## Data section:

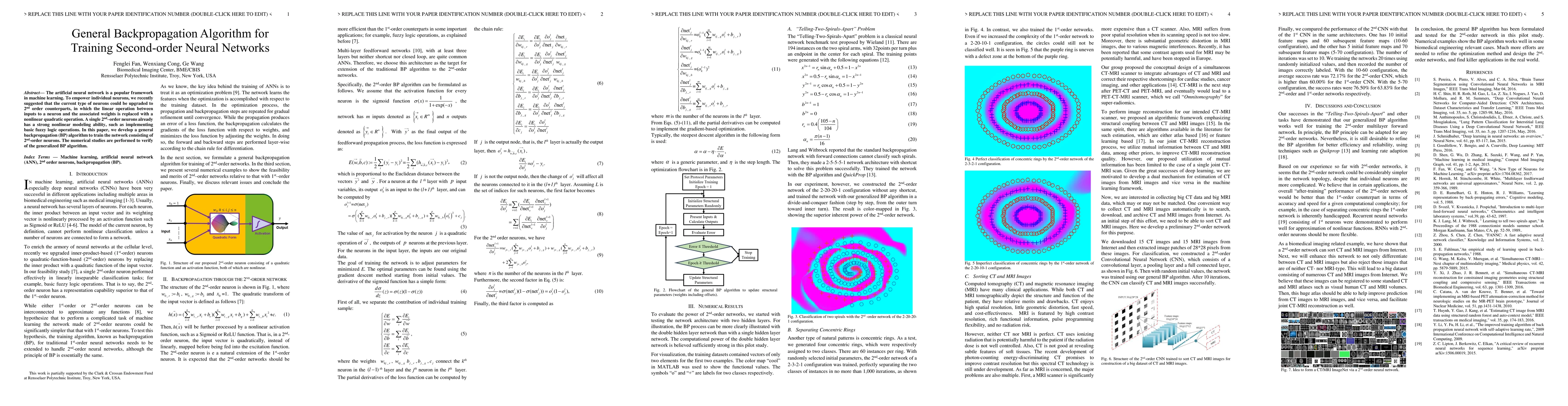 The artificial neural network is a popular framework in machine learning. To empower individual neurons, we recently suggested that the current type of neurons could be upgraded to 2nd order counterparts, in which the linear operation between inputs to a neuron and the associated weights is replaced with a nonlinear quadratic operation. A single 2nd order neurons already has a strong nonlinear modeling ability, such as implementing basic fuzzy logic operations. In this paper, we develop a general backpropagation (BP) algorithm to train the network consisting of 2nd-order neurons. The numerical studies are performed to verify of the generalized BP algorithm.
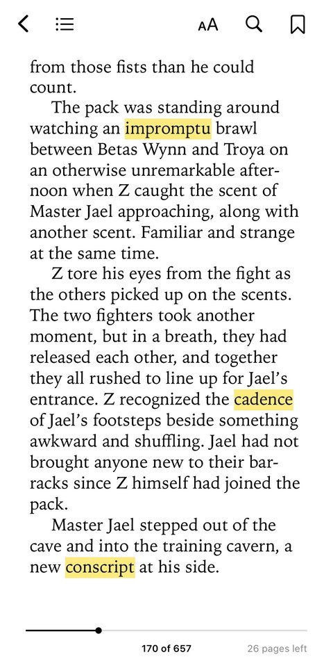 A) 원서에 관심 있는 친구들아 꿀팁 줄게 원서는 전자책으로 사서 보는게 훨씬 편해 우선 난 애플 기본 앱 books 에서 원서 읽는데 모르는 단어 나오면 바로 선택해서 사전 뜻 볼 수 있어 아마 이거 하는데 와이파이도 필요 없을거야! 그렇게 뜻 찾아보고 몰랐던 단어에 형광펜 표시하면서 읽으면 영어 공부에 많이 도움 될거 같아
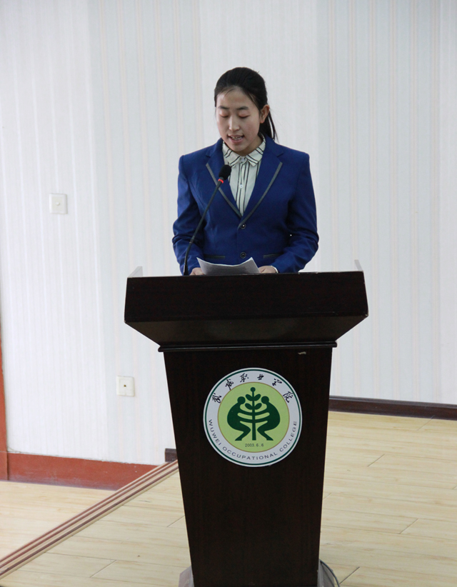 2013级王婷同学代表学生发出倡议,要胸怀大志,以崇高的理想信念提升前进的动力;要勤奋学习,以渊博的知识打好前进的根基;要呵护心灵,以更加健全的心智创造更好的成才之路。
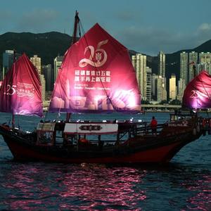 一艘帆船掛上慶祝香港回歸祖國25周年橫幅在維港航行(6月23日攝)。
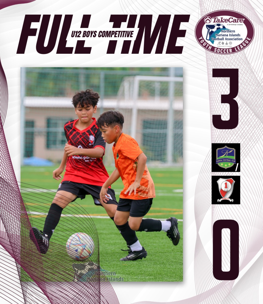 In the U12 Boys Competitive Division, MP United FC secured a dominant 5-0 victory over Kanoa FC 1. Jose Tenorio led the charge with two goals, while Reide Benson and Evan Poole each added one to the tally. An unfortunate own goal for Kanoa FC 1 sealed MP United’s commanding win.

## Work to complete:
Repeat exactly the lines above, beginning at the one containing "2013级王婷同学代表学生发" and ending at the one containing "一艘帆船掛上慶祝香港回歸祖國25周年橫幅在維港航行(6月23日攝)。". Do not carry over any pictures.

## Task output:
 2013级王婷同学代表学生发出倡议,要胸怀大志,以崇高的理想信念提升前进的动力;要勤奋学习,以渊博的知识打好前进的根基;要呵护心灵,以更加健全的心智创造更好的成才之路。
 一艘帆船掛上慶祝香港回歸祖國25周年橫幅在維港航行(6月23日攝)。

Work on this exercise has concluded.